Hey guys I've been on here for a while reading and learning, someday i'de like to plow for profession/money. However I just picked up my first light duty plow and I'm not sure what the best way to plow my driveway would be. I've never plowed before, and I won't be doing this for business purposes just my personal driveway. I'll post pictures of my driveway but from what I can see there are two ways of doing it just not sure what's best. 1) should I have the truck pulled in facing the garage door, than back-drag half of the driveway and than push everything onto the grass in the turn around area? Than back up the driveway into the street and plow the top half into the same turn around area? Or 2)Should I have the plow face the street, and plow straight out and pile the snow at the top of the driveway on the sides by the mailbox and on the right side?


----------



## gtmustang00 (Feb 23, 2010)

Push left. Go up to garage doors and backdrag far enough, then push that snow left. Shovel in front of garage doors so it's clean, then bill $55 every time you show up!


----------



## Mr.Markus (Jan 7, 2010)

Compass please...i wouldnt quote you based on how you and your wife park...one hates the other


----------



## BossPlow2010 (Sep 29, 2010)

Drop as soon as you get in, push everything to where that ranger is, backdrag garage, plush left, get sidewalk leave.
If you backdrag first, you need to drive over everything twice, packing the snow down more.


----------



## b16bri (Sep 24, 2013)

Thanks to everybody who replied, however again it’s my driveway so most of the time the truck and plow will already be the driveway prior to the storm so I won’t be pulling in.
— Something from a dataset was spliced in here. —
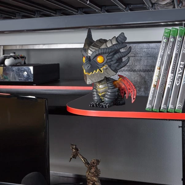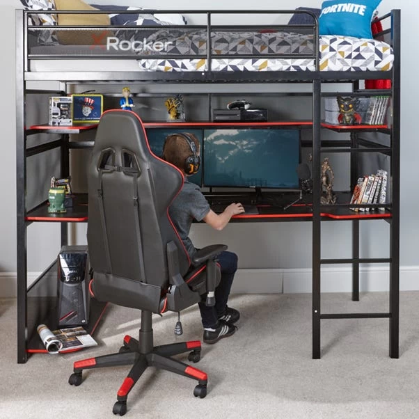 Bring the efficiently designed and versatile X Rocker Battlebunk Gaming High Sleeper Bunk Bed with Shelf & Desk to your bedroom for a high-tech and advanced set up. Constructed with a strong and durable metal frame with metal bed slats provides stability and long-lasting comfort. The bed also features spacious under-bed storage with a built-in desk, display shelf to store games consoles, accessories and PC hardware and a PC tray. The integrated desk space is sized to allow 2 PC monitors up to 32” for the ultimate gaming set up.

For example the truck will be parked in the driveway it snows overnight in the morning before work I plow the driveway and than go off to work. So at night should I park the truck at the top of the driveway and in the morning walk threw the driveway get in the truck and than plow down. Or should I park it closer to the garage. Hopefully that’s not really confusing.


----------



## Snowsled (Dec 22, 2018)

Back drag from the garage, turn truck around and plow out. Don't worry about driving over the snow, it will plow back up... If your rig is short enough just push the turn around with a couple swipes after the main section is plowed out.


----------



## Luther (Oct 31, 2007)

Snowsled said:


> Back drag from the garage, turn truck around and plow out. Don't worry about driving over the snow, it will plow back up... If your rig is short enough just push the turn around with a couple swipes after the main section is plowed out.


Other than not worrying about driving over the snow, don't do this. Never stack at the entry by the street if you have options, nor do you push your driveway snow across the street. You keep it all on your property. Basically do what Bossplow suggested.


----------



## Hydromaster (Jun 11, 2018)

Back up as close to the gerage door as you can get and park the truck there.
This will eliminate a lot of back dragging in front of the gerage door.

While it is illegal in most areas to push snow across the street in rural areas it’s very common practice .

While snacking snow right at the entryway to the drive isn’t the best idea Try 30 feet down or pushing it a good truck length back when you start out will illuminate the excess at the entryway. 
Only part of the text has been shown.